And you can see Greg K H (a linux core dev) snarky reply here:
[http://article.gmane.org/gmane.comp.security.oss.general/150...](http://article.gmane.org/gmane.comp.security.oss.general/15056)

Basically a few people have tried in the past but Linux core devs are against
large patches. And if you look at old threads [1] where people have attempted
to break it up into small patches the core devs have been disinterested.

Just to be clear we're talking about many 2003-era exploit mitigation
techniques not being adopted into the kernel. And as a side effect every year
there are countless vulnerabilities that come out - for which proactive
mitigations with up-to-date PoC's have existed for years.

Greg KH basically said in that thread that it would need to be broken up into
tons of small patches. Then each patch will have to be submitted and go
through the massive politics of getting it upstreamed. This would require a
full-time paid team of people doing it, since Linux foundation or similar
organizations don't seem to think it's worth paying for a team of security
experts themselves to do similar work hardening the kernel.

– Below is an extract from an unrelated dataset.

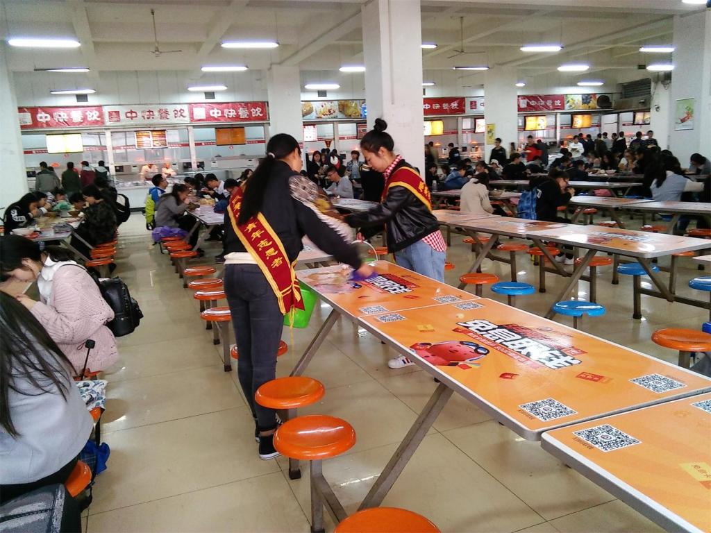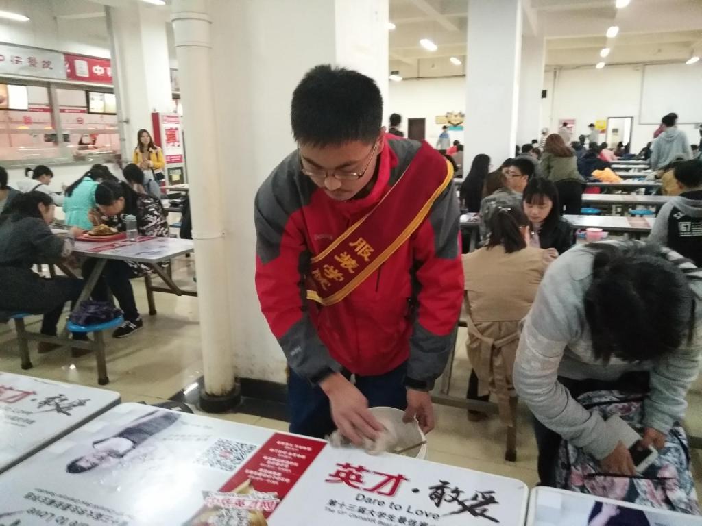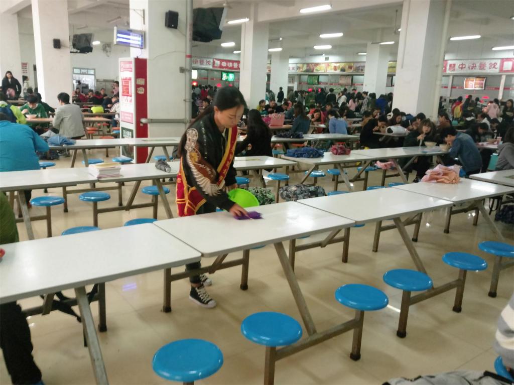 执勤时间为每日中午12点至12点30,下午6点至6点30。活动场地为食堂一二三层,每组5人,由青分队成员带领并分发绶带。志愿活动期间志愿者帮忙整理未端走餐盘,整理桌子,并且举止礼貌的帮助清洁阿姨完成清洁工作。展现了韩h漫

Additionally, a long time ago (before grsec I believe) the person (or team)
behind PaX, whose code is now a significant percentage of GRSecurity, is
anonymous and the Linux core refused to accept patches from anonymous
developers.

Also for a more meta-discussion on how security is handled by the core devs
see Spenders summary here in "KASLR: An Exercise in Cargo Cult Security"
[https://forums.grsecurity.net/viewtopic.php?f=7&t=3367](https://forums.grsecurity.net/viewtopic.php?f=7&t=3367)

[1] Spender links to old threads here where people tried breaking it up and
submitting small patches:

[https://twitter.com/grsecurity/status/541797486479028225](https://twitter.com/grsecurity/status/541797486479028225)

[https://twitter.com/grsecurity/status/541797673419145217](https://twitter.com/grsecurity/status/541797673419145217)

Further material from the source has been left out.